Il y a cinq ans, j’ai beaucoup discuté avec Manon Labry, auteure qui travaille sur l’histoire culturelle des États-Unis. Son livre Riot Grrrls analyse des groupes punks féministes, notamment la mouvance de la petite ville d’Olympia, dans l’État de Washington, qui a été un centre de création musicale, de styles réputés virils, et de féminisme radical. Faire une histoire populaire des féminismes, c’est aller chercher ces courants qui se sont développés dans l’ombre de l’histoire officielle, et plutôt en bas. J’envisage le féminisme comme quelque chose qui est en deçà d’une manifestation politique à proprement parler : plus prosaïque, plus quotidien.
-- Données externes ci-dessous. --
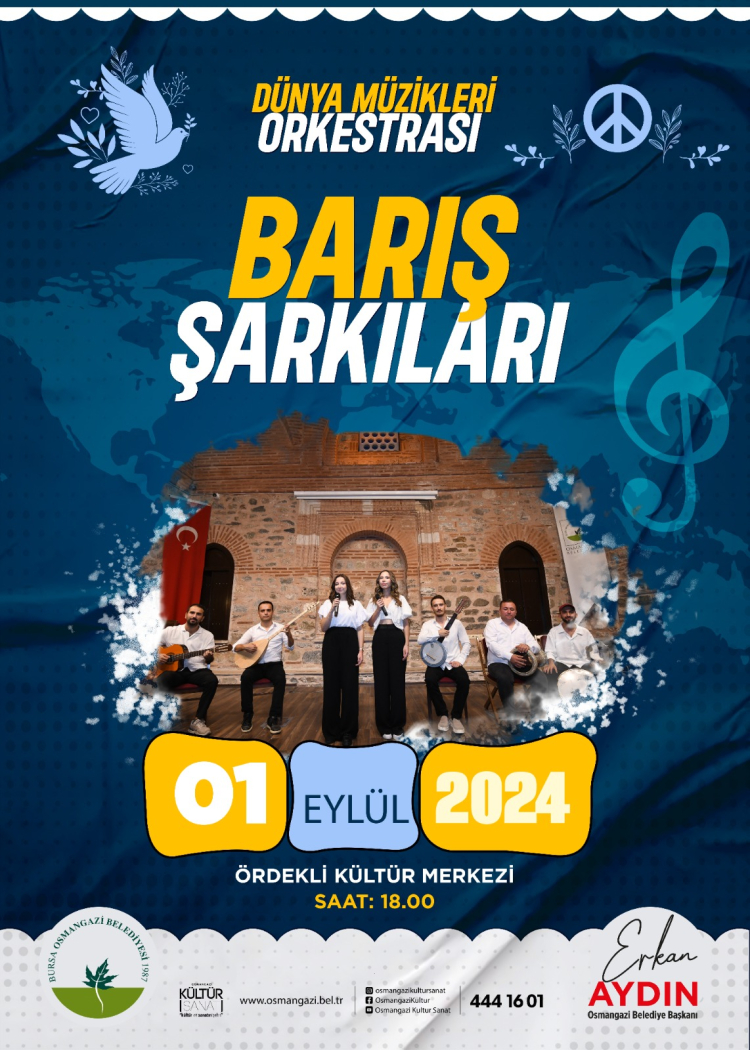 Bursa Osmangazi Belediyesi, 1 Eylül Dünya Barış Günü’ne özel konser düzenliyor. Osmangazi Dünya Müzikleri Orkestrası, tarafından verilecek olan ‘Barış Şarkıları’ konserinde, müziğin evrensel dili ile barış ve kardeşlik mesajları verilecek.

Avec Feu !, j’ai essayé de penser la dimension politique à cette échelle-là, c’est-à-dire micropolitique, celle de nos vies et de nos cheminements, qui sont à la fois très individuels, mais peuvent s’écrire au « Je » comme au « Nous », et qui font écho à d’autres mobilisations. Je parle des fanzines, des squatteuses, des ateliers autogérés, des festivals ladyfest, des quartiers populaires ou des Gilets jaunes. Il s’agit aussi de ramener de la conflictualité et de l’antagonisme de classe, au sein des récits des féminismes.

 

Parmi la pluralité de féminismes, il y a des courants « sans label ». Comment faire pour penser ces mouvements-là sans, justement, les étiqueter, ni les étouffer sous la théorie ?
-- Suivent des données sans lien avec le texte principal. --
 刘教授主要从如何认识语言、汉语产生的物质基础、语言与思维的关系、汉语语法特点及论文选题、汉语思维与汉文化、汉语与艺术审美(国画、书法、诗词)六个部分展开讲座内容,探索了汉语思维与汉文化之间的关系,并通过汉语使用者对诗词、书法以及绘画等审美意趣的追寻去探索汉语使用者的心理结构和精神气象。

Quand je parle de « féminisme sans label », je veux critiquer les mécanismes de reconnaissance qui viennent nous adouber ou pas, nous mettre soit là, soit là. Comme si ces mouvements demandaient à être reconnus par une instance tierce ! Reconnus mais par qui ? Par quels récits ? Par quelle institution ? Quelle historiographie ? Quelle instance politique va dire : « ça, c’est féministe » et « ça n’en est pas » ? Cette logique excluante est problématique. En tant que théoricienne et philosophe, je dis plutôt : la pratique est théorique, la théorie est pratique. C’est même la base de l’épistémologie féministe. Je crois par exemple que les squats féministes sont les meilleures universités et les réunions Tupperware des groupes de conscientisation féministe très forts. La force du féminisme est d’aller à la base des dichotomies entre théorie/pratique, universitaire/militant, politique/privé, et de les faire exploser.

 

Pensez-vous que nous sommes en train de vivre un nouvel embrasement féministe ?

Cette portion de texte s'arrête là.